Abundance Normalization

As with any high-throughput techniques, normalization and denoising of MPX abundance data can be a useful tool to make samples and datasets more comparable to each other as well as help with the biological interpretation of your data. Therefore in this tutorial we will introduce and discuss dsb, our method of choice for the normalization and denoising of mixed cell population data as well as a more general approach in the Centered-Log-Ratio normalization CLR.

We will begin with a short introduction to dsb and the algorithm behind it. Then, you will learn how to apply this technique to an MPX dataset. We will finish with some words of caution when applying these -or any- type of normalization.

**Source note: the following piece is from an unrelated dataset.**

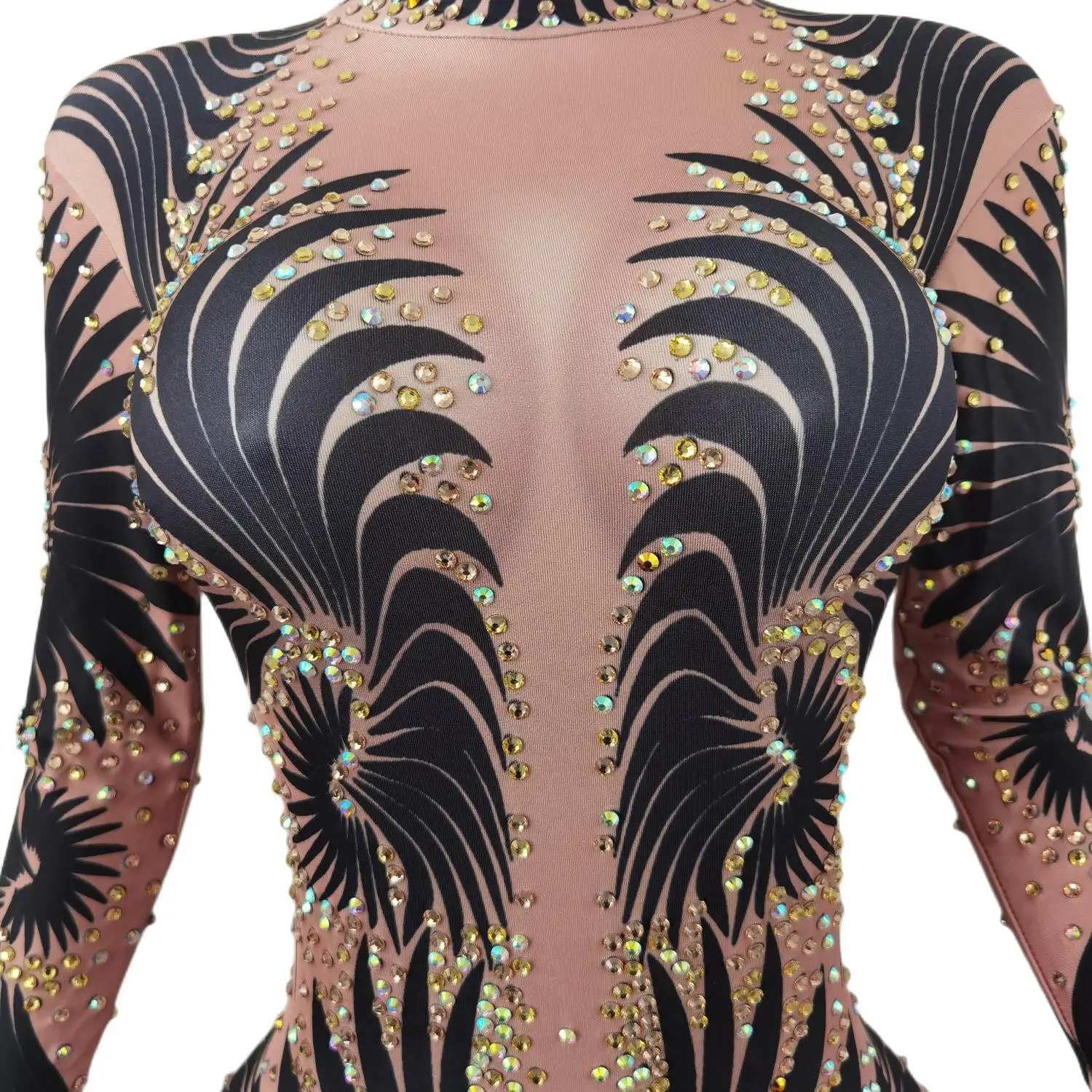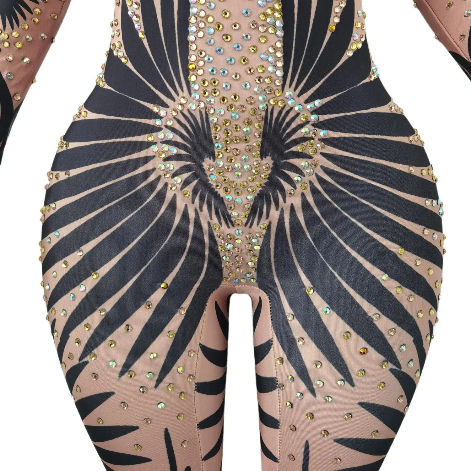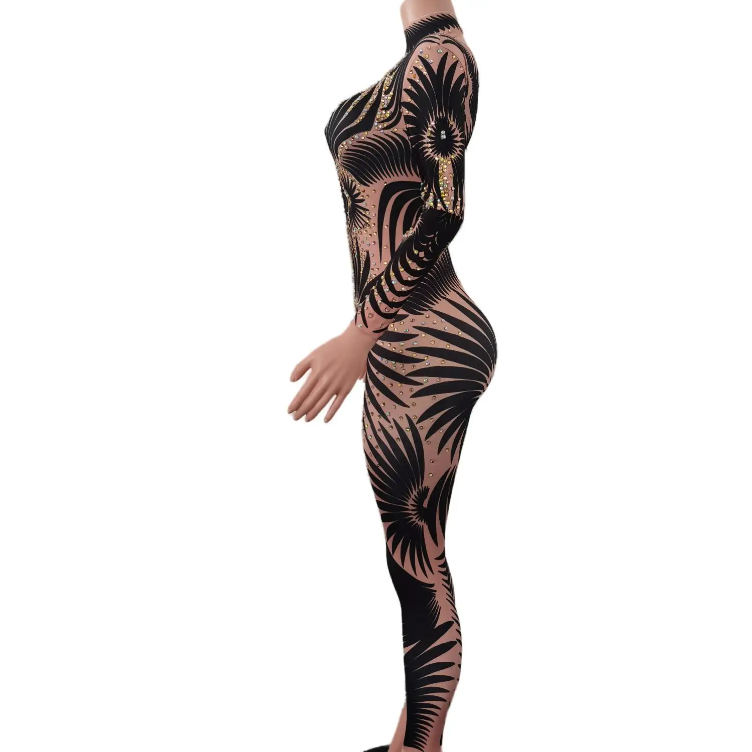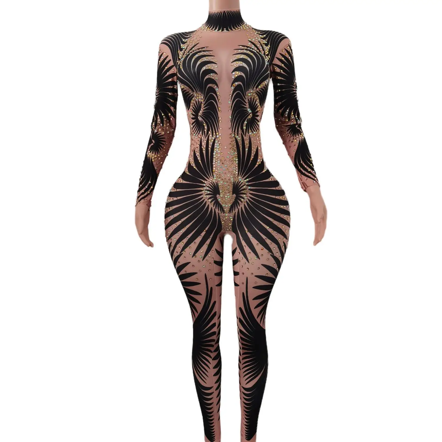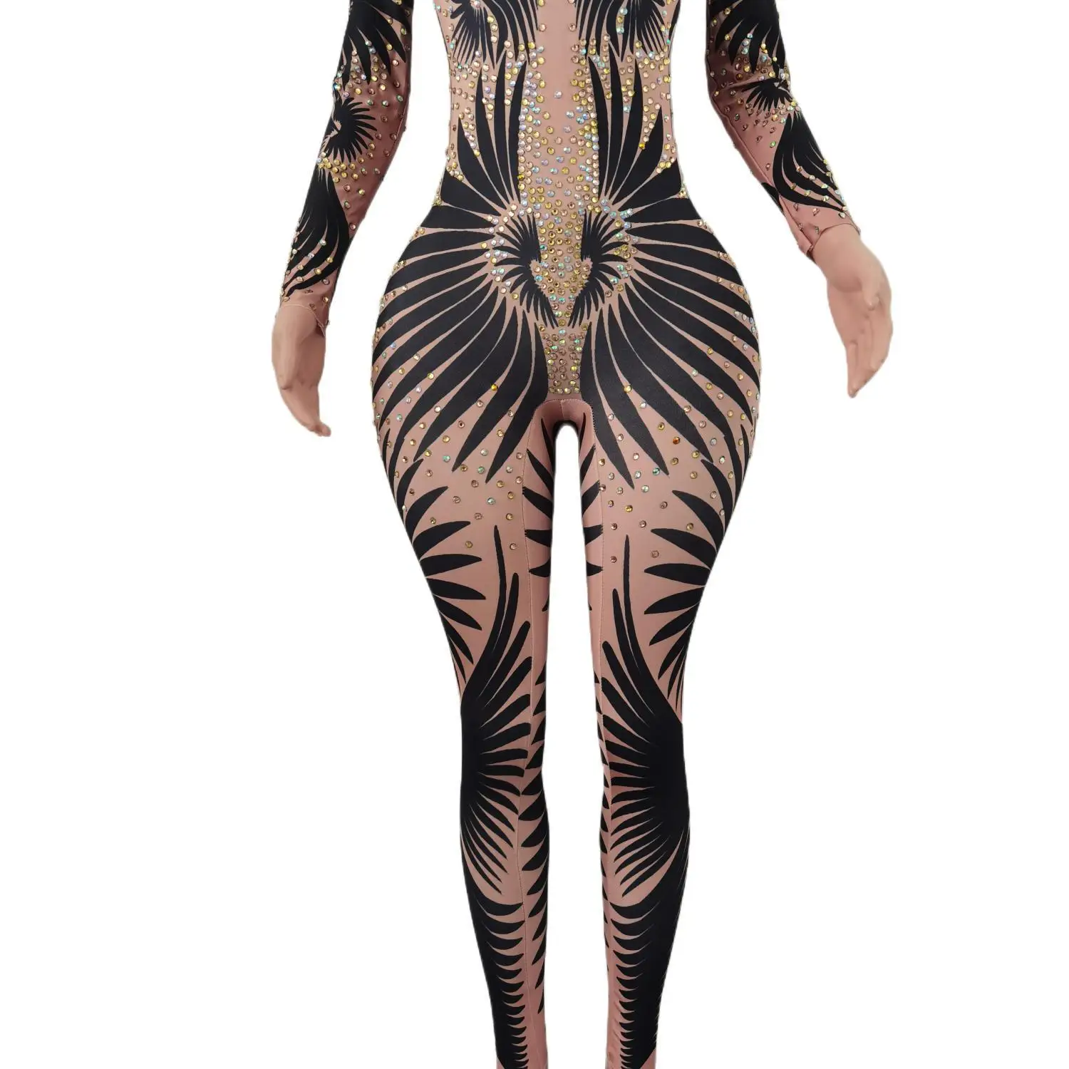 Sparkly Stone Feather Print Jumpsuit Women Sexy Birthday Party Bodysuit Prom Dresses Pole Dancer Performance Costume Feibiao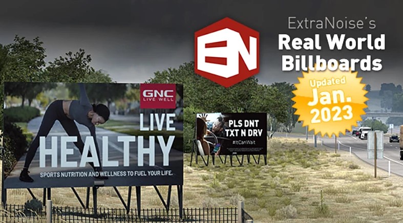 The mod updates (most) of the billboards around the map to use real world billboards. I enjoy other real world graphics mods but have been wanting to see some new billboards lately that feature more updated billboards from 2021-2023 and also wanted to ensure that billboards represented their regions (to the best of my ability). To accomplish this, I began making notes of where each instance of a billboard would appear and then tried to map companies to those locations, if they would advertise there. Some billboards look professional. Some look ugly. Some are wacky or are designed to make you laugh. Some are PSAs. I did not want to include overtly political messages, so those kinds of billboards have been left out in favor of focusing on commercial-type advertising. Some billboards include subtle jokes that I’ve added, but they’re not meant to distract from reality and you (hopefully) won’t notice them unless you study them closely. As this just swaps out texture files (for now), it should be compatible with almost all other mods. However, to ensure that you see these billboards in the game, make sure that this mod is loaded above other similar-type mods. For game version 1.46.x Credits: ExtraNoise Credits: ExtraNoise |

After completing this tutorial, you should be able to:

  • Understand the need for and the algorithm behind dsb normalization
  • How to apply this normalization method to an MPX dataset
  • Evaluate the effect of normalization on marker abundance
  • Understand the potential pitfalls of normalization

Why denoise and normalize?

By their very nature antibody-based assays can be affected by variable amounts of nonspecific binding. In leukocytes, this nonspecific binding is partly a result of nonspecific binding of antibodies to Fc-receptors present on the surface of many white blood cell types. These background levels of antibody binding (or “noise”) can fluctuate between samples and cells as a result of sample type and quality, preprocessing conditions, antibody isotype and other issues. Ultimately, this can lead to difficulties distinguishing negative and positive subpopulations of cells expressing a certain marker, complicating cell type annotation and differential abundance analysis.

Therefore, during the sample preprocessing of MPX samples, several blocking steps are included to reduce the possibility of nonspecific binding. In addition, computational methods such as the one presented here can, to some extent, be utilized to reduce the bias of nonspecific binding.

The dsb algorithm

The dsb method was originally developed to denoise and normalize antibody-based assays on droplet-based platforms such as CITE-seq. It is based on the detection of background marker levels in so-called “empty” droplets (droplets encapsulating biological material but not a corresponding cell). MPX does not need cell compartmentalization and therefore does not produce empty droplets as such. However, it has been shown that the background abundance levels of a marker can be inferred from its abundance distribution across all cells in a mixed cell population sample (see dsb paper). By calculating the mean abundance in this background population per marker and subtracting these values from the marker’s abundance, each marker’s background population becomes effectively zero centered. In a subsequent step, the isotype control markers and a cell-specific background mean are combined in a “noise component” that is regressed out of the zero centered data corrected for background nonspecific levels.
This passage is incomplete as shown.